BMC Genomics. 2024 Jan 10;25(1):47. doi: 10.1186/s12864-024-09958-w.
5
'Bingo'-a large language model- and graph neural network-based workflow for the prediction of essential genes from protein data.'Bingo'——一个基于大语言模型和图神经网络的工作流程,用于从蛋白质数据中预测必需基因。
Brief Bioinform. 2023 Nov 22;25(1). doi: 10.1093/bib/bbad472.
6
Genome engineering on size reduction and complexity simplification: A review.基因组工程的规模缩减与复杂性简化:综述。
J Adv Res. 2024 Jun;60:159-171. doi: 10.1016/j.jare.2023.07.006. Epub 2023 Jul 12.
7
Progress of the "Molecular Informatics" Section in 2022.2022 年“分子信息学”分会进展情况。
Int J Mol Sci. 2023 May 29;24(11):9442. doi: 10.3390/ijms24119442.
8
Editorial of Special Issue "Deep Learning and Machine Learning in Bioinformatics".专刊编辑寄语:深度学习与生物信息学中的机器学习
Int J Mol Sci. 2022 Jun 14;23(12):6610. doi: 10.3390/ijms23126610.
9
Classifying COVID-19 based on amino acids encoding with machine learning algorithms.基于氨基酸编码,使用机器学习算法对新型冠状病毒肺炎进行分类。
Chemometr Intell Lab Syst. 2022 May 15;224:104535. doi: 10.1016/j.chemolab.2022.104535. Epub 2022 Mar 15.
分子工具——控制具有兽医重要性的寄生虫的进展、机遇与前景
Int J Trop Insect Sci. 2021;41(1):33-42. doi: 10.1007/s42690-020-00213-9. Epub 2020 Jul 29.
4
Predicting gene essentiality in by feature engineering and machine-learning.通过特征工程和机器学习预测基因必需性。 (你提供的原文“Predicting gene essentiality in by feature engineering and machine-learning.”似乎不完整,“in”后面缺少具体内容,但按照要求进行了现有内容的翻译。)
Comput Struct Biotechnol J. 2020 May 15;18:1093-1102. doi: 10.1016/j.csbj.2020.05.008. eCollection 2020.
5
Essential gene prediction in using machine learning approaches based on sequence and functional features.基于序列和功能特征,使用机器学习方法进行必需基因预测。

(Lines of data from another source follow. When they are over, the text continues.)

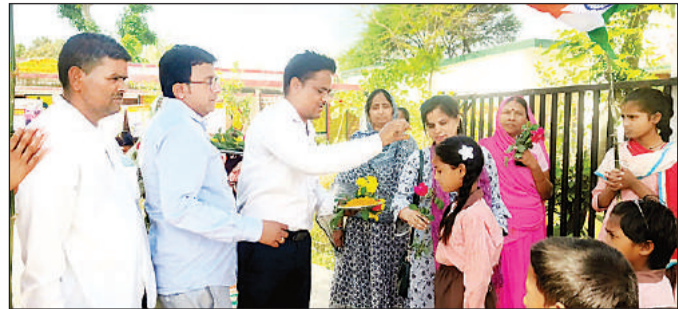
उच्च प्राथमिक विद्यालय में बच्चों को तिलक लगाते शिक्षक।
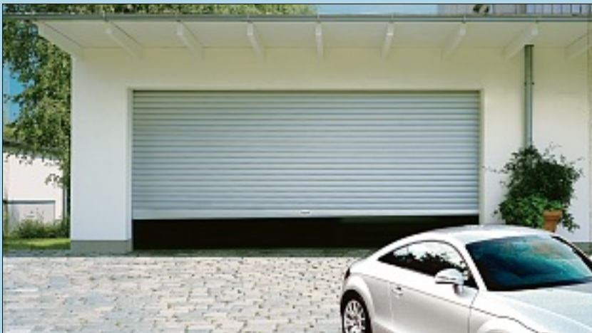
Komfortabel funk(fern)gesteuert, sicher und beste Raumaussparung sind einige Vorteile der neuen Garagentorgeneration.

Die Garagentore der neuen Generation sind ein „Raumwunder“. Sie schaffen mehr Platz vor und in der Garage. Deckenlaufotore empfehlen sich für enge und schmale Garagen mit wenig oder keinem Sturz, Rolltore wiederum sind geeignet für mehr Platz in der Garage, wenn ein ausreichender Sturz vorhanden ist. Die Tore sind motorisiert und können mit Funkfernsteuerung ausgestattet werden. Für mehr Sicherheit sorgt die Hochschiebesicherung, die patentierte Panzerarretierung und der automatische Stopp bei Hindernissen. Besonders empfohlen werden Aluminium-Garagentore, die extrem wartungsarm, pflegeleicht, lichtecht und witterungsbeständig sind. Diese und viele weitere Bauteile wie Rollläden, Wintergärten, Terrassendächer usw. können Sie im 1000-qm-Ausstellungszentrum der Singhoff GmbH besichtigen und sich beraten lassen. In der Robert-Koch-Straße 10-12 in Raunheim, täglich von 9 bis 18 Uhr, samstags von 9 bis 12 Uhr. Auf Wunsch kommen die Berater der Singhoff GmbH auch zu Ihnen nach Hause.
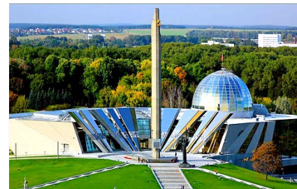
Музей истории Великой Отечественной войны
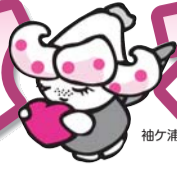
袖ヶ浦市ボランティアセンター イメージキャラクター 「ゆりりん」
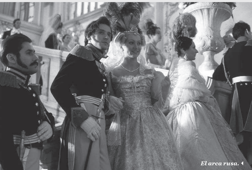
El arca rusa. ◀

La película es una proeza cinematográfica. Se realizó con una sola toma que duró alrededor de noventa minutos, y que se desplazó a través de los diversos pasillos del museo del Hermitage, uno de los más grandiosos del mundo, captando el desenvolvimiento coreográfico de más de dos mil actores y extras, al igual que tres orquestas. Toda una compleja puesta en escena no solo por sus condiciones técnicas, sino por la búsqueda de un clima de sueño; que se siente en esa enrarecida atmósfera de luces en penumbra, tenues, apagadas, que entran por las ventanas del museo y parecen de amanecer, propias de aquel momento del día en que aún dormitamos. Pero también en esos acordes de resonancias góticas que se repiten intermitentemente, mientras nuestra visión acompaña a dos personajes espectrales, inquietados por la riqueza artística y el pasado fastuoso del Hermitage: el Espía, personaje invisible representado por un encuadre subjetivo continuo, y el marqués de
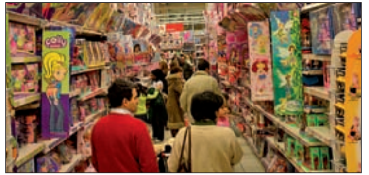
Los juguetes son los protagonistas de las cartas a los Reyes y Papá Noel

ra y de antes. Por eso, El Corte Inglés de Las Barriguitas (29,95 euros) seguro que les encanta. Otra opción es la edición de juguetes Carrera, del piloto asturiano Fernando Alonso que cuenta con pistas, coches o cuentavueeltas. Y por último, este 2011 han resultado muy deseadas las terroríficas -a la par que adorables- Monster High, con un precio de 19,99 euros cada muñeca o 39,99 euros la pareja.
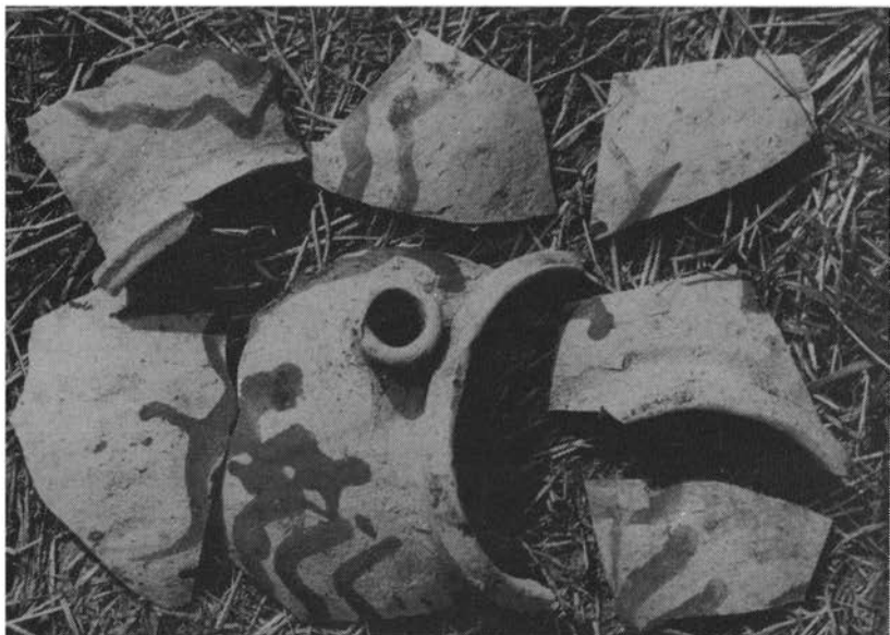
Tuitpot, gevonden in de oostelijke oven.

Ik wil hier nog aan toevoegen, dat er op 21 september 1977 weer andere pottenbakkersovens zijn blootgelegd en wel twee in de Gatenstraat en één aan de Heereweg in Nieuwenhagen. De ovens in de Gatenstraat kwamen aan het daglicht tengevolge van de vernieuwing van de riolering aldaar. Eén ervan leverde vier mooie volledige aardewerkprodukten op, waaronder een rammeelaar met het rammelsteentje er nog in. Ook hier werd de opgraving verricht onder leiding van de heer Bruijn. Volgens zijn mening dateren deze ovens uit ongeveer dezelfde tijd als die van de Groenstraat en de vroeger genoemde Nieuwenhaagse oven (eerste kwart 12-de eeuw).
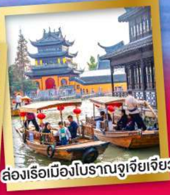
ล่องเรือเมืองโบราณจูเจียเจียว
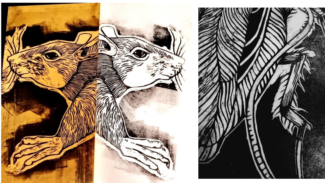
(Figura 4-5) Detalle estampa xilográfica Plaga sobre papel sulfito. Ensayo rata y fragmento cucaracha.

Por otro lado, el emplazamiento en la vía pública implicó que las imágenes funcionaran en conjunto y no de manera aislada, ya que se ve reforzada la idea de masividad. Durante el recorrido diario se puede contemplar que muchas de ellas fueron suprimidas y otras conviven con las diversas intervenciones en el espacio público.
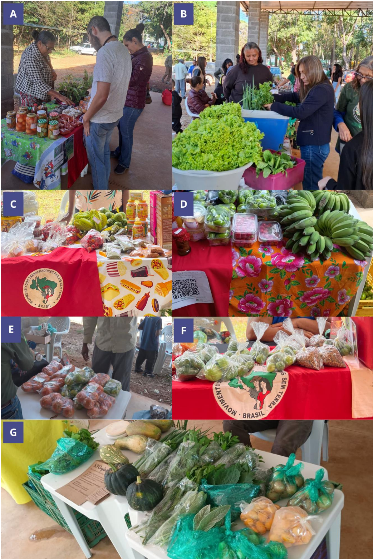
Figura 1: Feira Agroecológica do IFB, Campus Planaltina . A-B ) Momento de Interação entre feirantes e consumidores; C, D, E, F e F ) Representatividade dos movimentos sociais na comercialização dos produtos.
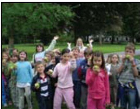
Malica je sestavni del vseh izletov in poletnih šol
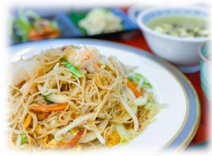
10/9 中華料理教室 五目焼きビーフン 他
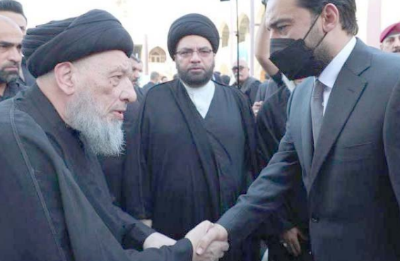
تعاذ: رئيس البرلمان يقدم التعازي لمرجع النجف بوفاء الحكيم

بغداد - سعدون الجابري شارك رئيس مجلس النواب محمد الجلبوسي بمجلس عزاء المرجع محمد سعيد الحكيم الذي توفي الجمعة الماضية اثر سكتة قلبية مفاجئة. وقال بيان مقتضب ان (الجلبوسي وصل المحافظة لتقديم التعازي بوفاء الحكيم). وقدم الاسين العام لحركة الوفاق الكاظمي وعدد من المرجع والشخصيات البارزة قد حضروا مجلس عزاء المرجع الحكيم في النجف، ووجه الكاظمي خلال زيارته الى المحافظة بمنح قدم سنة شهر للضيافة وسنة للمنتسبين، كما عزى كبار العلماء في البحرين برحيل الحكيم، وجاء في بيان (ننعي رحيل العالم الرياني والفقيه الجليل الحكيم، كما نعزي بهذا المصاب مراجع الدين العظيم وعموم المؤمنين والحوزات العلمية في النجف و قم وفي سائر بلاد اسلام، ونخص بالبعزاء والمواساة أسرة ال الحكيم).

Comput Struct Biotechnol J. 2020 Mar 10;18:612-621. doi: 10.1016/j.csbj.2020.02.022. eCollection 2020.
6
What makes a centromere?着丝粒由什么构成?
Exp Cell Res. 2020 Apr 15;389(2):111895. doi: 10.1016/j.yexcr.2020.111895. Epub 2020 Feb 6.
7
Ensembl 2020.Ensembl 2020.
Nucleic Acids Res. 2020 Jan 8;48(D1):D682-D688. doi: 10.1093/nar/gkz966.
8
An Evaluation of Machine Learning Approaches for the Prediction of Essential Genes in Eukaryotes Using Protein Sequence-Derived Features.使用蛋白质序列衍生特征对真核生物中必需基因进行预测的机器学习方法评估
Comput Struct Biotechnol J. 2019 Jun 8;17:785-796. doi: 10.1016/j.csbj.2019.05.008. eCollection 2019.
9
Deep learning: new computational modelling techniques for genomics.深度学习:基因组学的新计算建模技术。
Nat Rev Genet. 2019 Jul;20(7):389-403. doi: 10.1038/s41576-019-0122-6.
10
Comprehensive review of the identification of essential genes using computational methods: focusing on feature implementation and assessment.使用计算方法鉴定必需基因的综合综述:聚焦于特征实现与评估
Brief Bioinform. 2020 Jan 17;21(1):171-181. doi: 10.1093/bib/bby116.